Time to Tighten Shale Gas Impact Fee Reporting Requirements

Member Group : Allegheny Institute

 

The Pennsylvania Legislature should close a loophole in the law that allows government jurisdictions to skirt reporting how they use shale gas impact fee dollars by instituting more practical and stiffer penalties, concludes an analysis by the Allegheny Institute for Public Policy.

“Governments must be responsible for all actions, including accounting for where all revenues are spent,” says Elizabeth Miller, a research associate at the Pittsburgh think tank.

“Municipalities receiving Act 13 funds, regardless of the amount, are required to report the use and should do so,” she says (in Policy Brief Vol. 18, No. 43). “It’s not a municipal choice but an obligation.”

Act 13, adopted in February 2012, not only established the fee paid by those drilling in the commonwealth’s rich shale formations but also established how such dollars are allocated to local and state governments and the criteria for how that money can be spent.

Municipalities receiving impact fee income must submit annual reports to the state Public Utility Commission (PUC) detailing expenditures in 13 legislatively designated, and quite broad, categories. The most common expenditures have been to place the money in capital reserve funds and for public infrastructure/construction.

But there’s a threshold provision in Act 13’s mandate that allows many jurisdictions to thwart the legislation’s intent. Failure to report impact fee spending triggers a penalty clause that limits those jurisdictions to a maximum of $500,000 in annual future distributions.

But within the seven-county Pittsburgh Metropolitan Statistical Area (MSA), “a penalty has never been assessed because none of the municipalities failing to report ever received more than $500,000 a year from Act 13 fees and, presumably, never expect to get as much as $500,000,” Miller notes.

Between 2011 and 2016, municipalities in the Pittsburgh MSA received $104.6 million in impact fee dollars. But in Allegheny County, in 2012, nearly 74 percent of municipalities (95 out of 130) failed to report how they spent the money.

Forty-five municipalities (34.5 percent) failed to report their impact fee spending in 2016. The best year, thus far, was in 2015, when 31 municipalities (23.8 percent) did not file reports with the PUC.

Then there’s this: “(S)ince the impact fee was established, the City of Pittsburgh has disclosed the use of its shale dollars one time, in 2013,” Miller says. “Brentwood Borough, the City of McKeesport, Pleasant Hills Borough and Sewickley Borough have never reported how their impact fee money was used.”

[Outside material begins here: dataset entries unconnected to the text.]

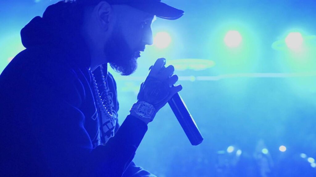 As his voice plays, quick cuts show him working the fields, recording music in a closet with a friend, spotting a foreclosure sign on his home, picking up wads of cash, and hauling stacks of marijuana. “My mom used to tell my dad, ‘What you do in the dark will always come to light,’” he says in one part. “I was about to find out what that means.”
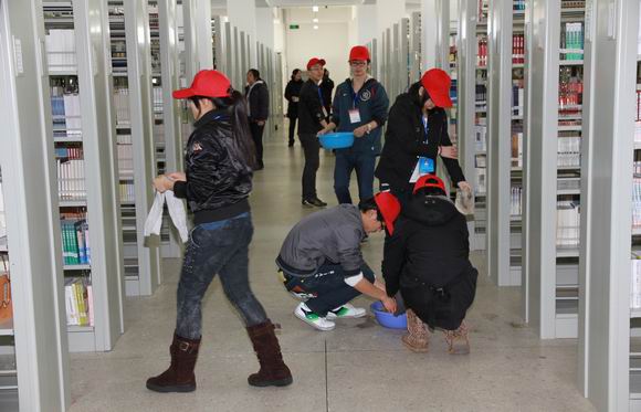 仪式结束后,青年志愿者们在中区图书馆开展了“清洁书架、整理书籍”等志愿服务活动。
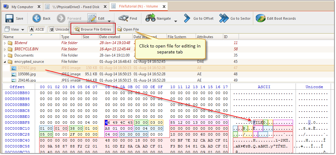 When editing volume (logical drive) you also can navigate file records. To activate this feature toggle on Browse File Entries button in toolbar. By selecting file or folder in file's tree editor's pane will automatically repositions to beginning of file entry record. If recognized, file can be previewed in File Preview pane and Property pane will display file's most common attributes and properties.

Outside of Allegheny County, many municipalities had lower rates of non-reporting in 2016 – 17.7 percent in Armstrong County; 7.2 percent in Butler County; 20.9 percent in Fayette County and 7.6 percent in Washington County. Westmoreland County’s 2016 non-reporting municipal rate was 27.7 percent.

Indeed, Washington County received far more impact fee dollars than Allegheny County in the 2011-16 period, roughly $55.4 million to $2.8 million.

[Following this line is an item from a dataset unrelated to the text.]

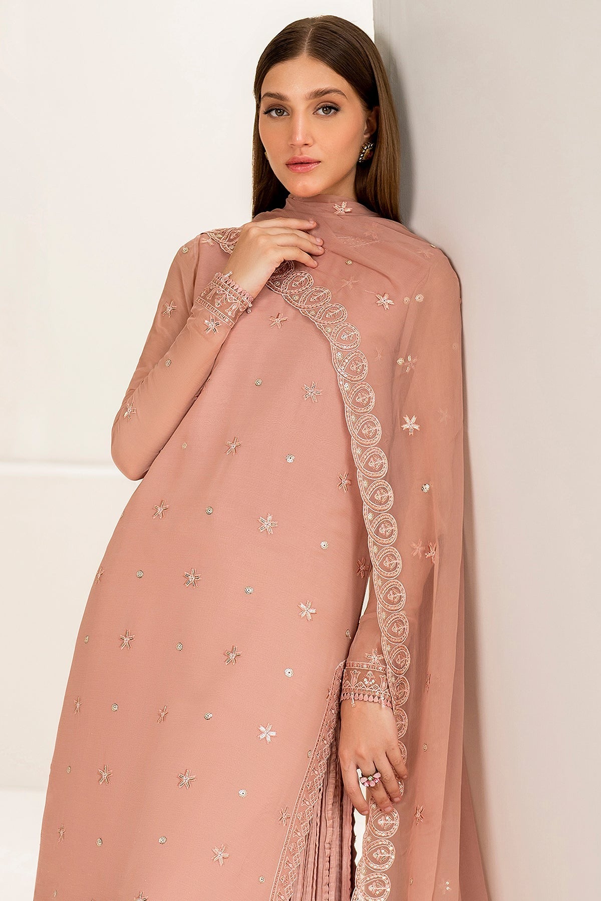 Embroidered Chiffon Front

“Clearly, municipalities in Washington County have a substantial amount of fees to lose if they fail to comply with reporting and thus are more motivated to report fund usage than municipalities in Allegheny County,” Miller says.

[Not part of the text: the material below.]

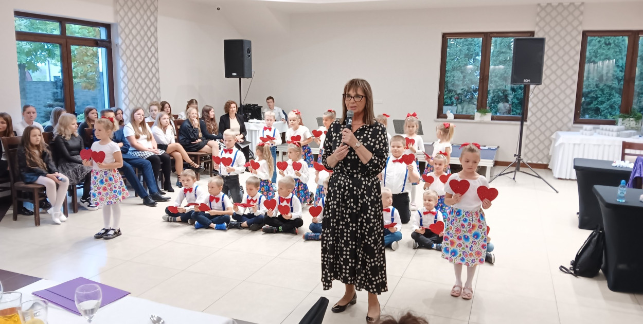 W wydarzeniu uczestniczyli także emerytowani pracownicy placówki. Program artystyczny obejmował występ grupy „Biedronki” z przedszkola, humorystyczny skecz Samorządu Uczniowskiego oraz występ chóru szkolnego, który przygotował muzyczny upominek dla zgromadzonych gości.

However, municipal accountability should not be contingent on the dollar amount received but on the principle of financial accountability and transparency.

“The Legislature should revisit Act 13 and amend it to penalize municipalities that fail to report how impact fee revenues are used by withholding all future allocations regardless of (the) amount they would have received until they are in compliance by submitting reports for all past years when no reports were filed,” Miller says.

“Failure to correct this loophole leaves open too much opportunity for (impact fee) funds to be used as municipalities wish as opposed to the uses designated by law,” she concludes.

Colin McNickle is communications and marketing director at the Allegheny Institute for Public Policy ([email protected]).